Fig. 3. Diversity analysis of an unknown microbial community using CellCognize.

a Inferred mean class cell densities from the five 32-standard classifiers (absolute counts, ABS.) of a size-filtered (0.2–40 µm), resuspended Lake Geneva water microbial community over the course of three days amended with 0.1, 1 or 10 mg C l⁻¹ phenol or 1-octanol, compared to a zero added carbon control. Bars show individual biological replicates, with data merged from two technical replicates. b Proportional cell counts (REL.) for the phenol-amended communities shown in a. c Comparison of community diversity inferred using CellCognize and taxonomic diversity estimated from 16 S rRNA gene amplicon data (shown as proportions of 20,000 normalized cleaned sequence reads, given without color scale) for communities amended with 10 mg C l^–1 phenol or 1-octanol. d Diversity measures of communities shown in c: richness (16S: class level; CellCognize: assigned classes >0.05%) initially (T0) and after three days incubation (T3), Shannon index and Multidimensional scaling plot (MDS), based on calculated Bray–Curtis similarities. Symbols represent individual replicate diversities, circumscribed by ellipses to indicate similar treatments.

Fig. 4. Similarity measures of cells attributed to CellCognize classes.
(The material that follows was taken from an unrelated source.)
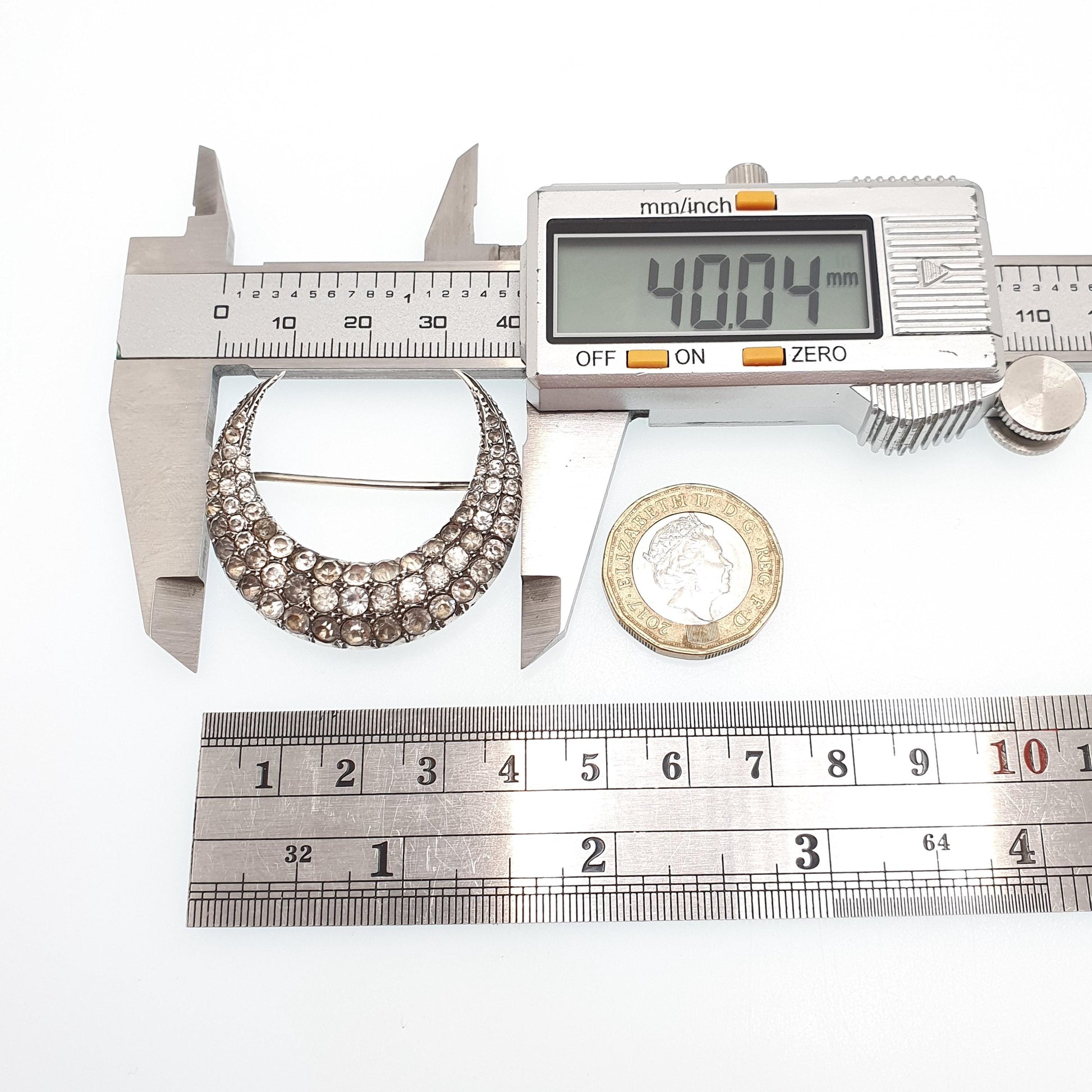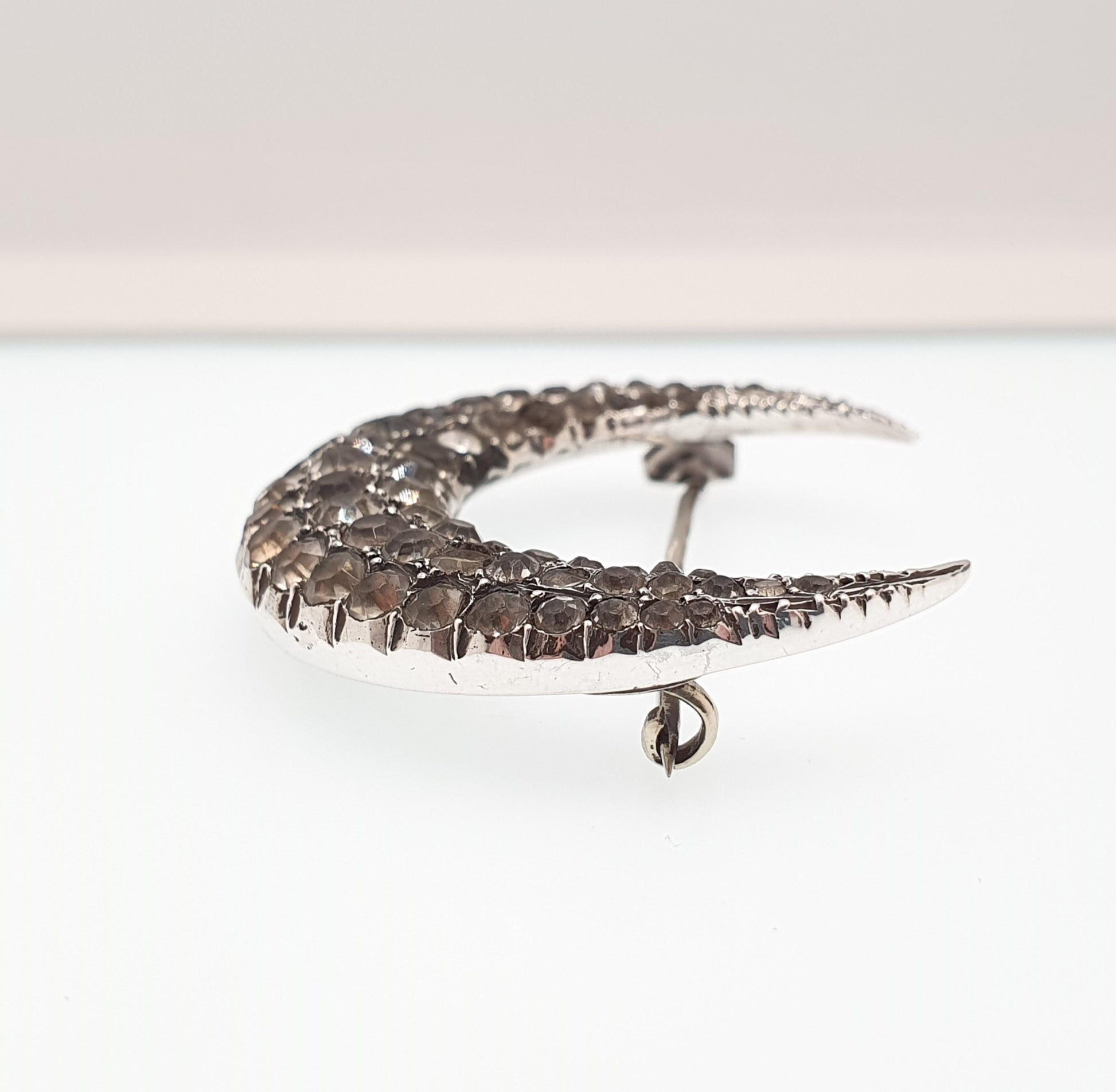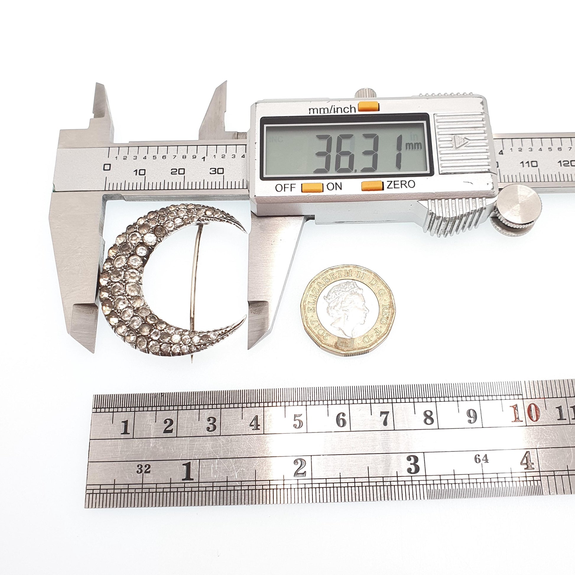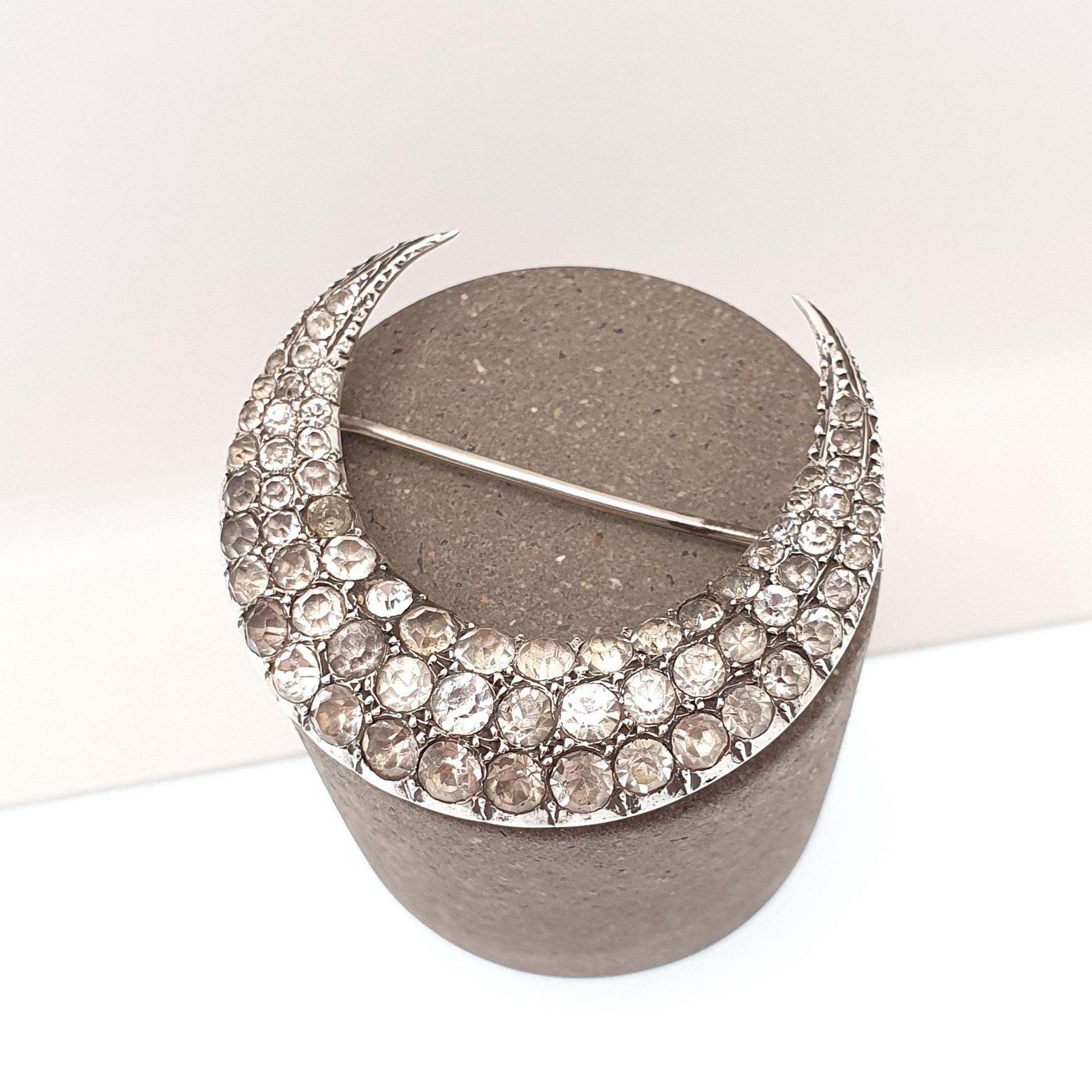 Antique Solid Silver Paste Crescent Moon Brooch Large Big Victorian Night Sparkly Celestial Jewelry Jewellery Vintage

a Class attribution (absolute cell counts) from a single 32-standard ANN classifier for in vivo filtered (0.2–40 µm) n = 5036 cells from a Lake Geneva microbial community (black bars), with their corresponding mean probability of assignment (gray bars, LW attributed). In background (orange bars), mean probabilities of assignment (±one SD) of each of the standards within an in silico mixture of all FCM standard datasets (subsampled to n = 5000 cells each, five 32-standard ANN classifiers). b Distributions of classification probabilities for four classes that were attributed in high numbers within the lake water community in the classifier results of a (i.e., B02, ACH2, CCR1 and PVR1) for each standard individually, for lake water (LW), or, in one case, of LW in silico mixed with n =  5000 cells of the PVR1 standard. Values within panels indicate the mean probability of the shown distribution, and correspond to the value plotted in a. c Mean class attribution (absolute cell numbers) of the lake water enriched community on 1-octanol (n = 536,783 cells), and of the pure culture isolate (OCT, n = 63,824 cells) derived from this enrichment grown on 1-octanol, both after three days of incubation, for one of the ANN-32 classifiers and for a new classifier that was trained using a dataset that in addition included FCM data from the OCT isolate itself (ANN-33). Numbers on the bars indicate the mean probability of class attribution. Image display calculations are detailed in “Supplementary Methods”.